É o que conta a chef-executiva do Cabernet Butiquim e do Rex Bibendi, ambos no Bairro Funcionários, Região Centro-Sul de Belo Horizonte, Jana Barrozo. Nas duas casas – um bar e um restaurante, ela ajuda a administrar, não só cardápios distintos para os clientes, mas também a alimentação da equipe. “Em ambos, são dois turnos e seguimos a linha de variar as refeições”, comenta.


A organização é levada a sério: toda semana há um cardápio fixo, que fica disponível na parede, para que todos possam se programar. “Assim fica fácil de todos verem. Se caso alguém não gostar de algum prato, pode trazer comida de casa”, afirma Jana. No menu, estão disponíveis todos os dias arroz, feijão, salada, uma carne e um acompanhamento.


As proteínas mais comuns são pernil, frango e linguiça, escolhidas pela versatilidade. “Dá para fazer moída, almôndega, parmegiana, isca frita, ensopado ou à milanesa. É versátil e não fica enjoativo”, diz a chef. Já a carne de boi só aparece uma vez por mês ou, no máximo, a cada 15 dias, por conta do custo.

Macarrão ao alho e óleo e carne de panela suína: as escolhas no Cabernet Butiquim levam em conta a preferência da maioria
Macarrão ao alho e óleo e carne de panela suína: as escolhas no Cabernet Butiquim levam em conta a preferência da maioria Túlio Santos/EM/D.A Press


A escolha dos pratos segue o princípio da democracia. A cada semana, um funcionário assume a responsabilidade de montar o cardápio. Entre os acompanhamentos, estão batata frita, batata assada, purê, macarrão e caponata de legumes. “Os campeões de preferência são o frango com quiabo e angu e o macarrão ao alho e óleo”, destaca.


Aos sábados, quando o movimento da clientela é mais intenso nos dois estabelecimentos, é comum optar por pratos de uma panela só, por serem mais fáceis de fazer e esquentar, como a feijoada. “Somos nós mesmos que cozinhamos. Os funcionários que estão responsáveis pelas entradas fazem a salada, quem está na praça de carne faz a proteína e a equipe da guarnição faz o arroz, o feijão e o acompanhamento”, explica.

Cuidados


Nos bastidores, há muito cuidado envolvido. Restrições alimentares são levadas a sério desde a entrevista de contratação. “Sempre perguntamos se a pessoa possui alguma intolerância a um alimento. No Cabernet, por exemplo, um funcionário tem alergia a pimenta-do-reino, então não usamos na alimentação de ninguém”, cita Jana.


Além disso, a política do respeito à comida é rígida. “Sempre batemos na tecla do desperdício. Se tem sobra em excesso, há uma advertência. Uma vez, os funcionários ficaram quase seis meses sem refeição no restaurante. Se alguém se serve e deixa sobrar no prato, há uma punição”, completa a chef.

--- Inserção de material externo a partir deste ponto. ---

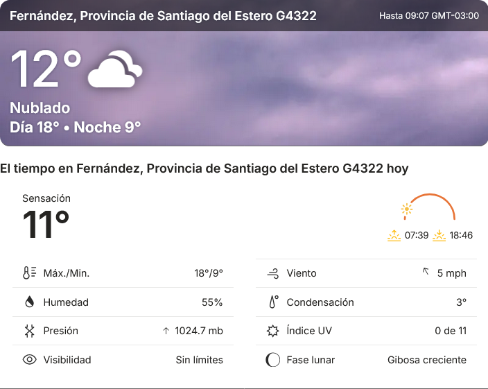 EL CLIMA EN LA CIUDAD DE FERNANDEZ EN ESTE DIA 25 DE ABRIL

Jana ainda destaca que o cuidado com o sabor é avaliado pelos donos de cada lugar. “De manhã, o almoço é das 11h às 11h30 e à noite, das 16h às 17h. Os nossos patrões comem conosco, a mesma comida dos funcionários. Eles são nossos termômetros. Se um dia não está legal, eles falam: ‘Vocês têm coragem de fazer isso para vocês mesmos?’. Isso é legal porque somos nós que estamos comendo e merecemos ser bem tratados”, ressalta.

Fãs de fora


A comida dos bastidores já ganhou admiradores à mesa. No Rex Bibendi, uma cliente fiel, não só ficou intrigada com o cheirinho que vinha da cozinha, como fez questão de provar o que os funcionários estavam comendo. A curiosidade virou hábito. “Ela vem todos os sábados e sempre pede: ‘quero comer isso que vocês estão comendo’, e não importa se é um simples arroz com frango ou algo mais elaborado”, compartilha a chef.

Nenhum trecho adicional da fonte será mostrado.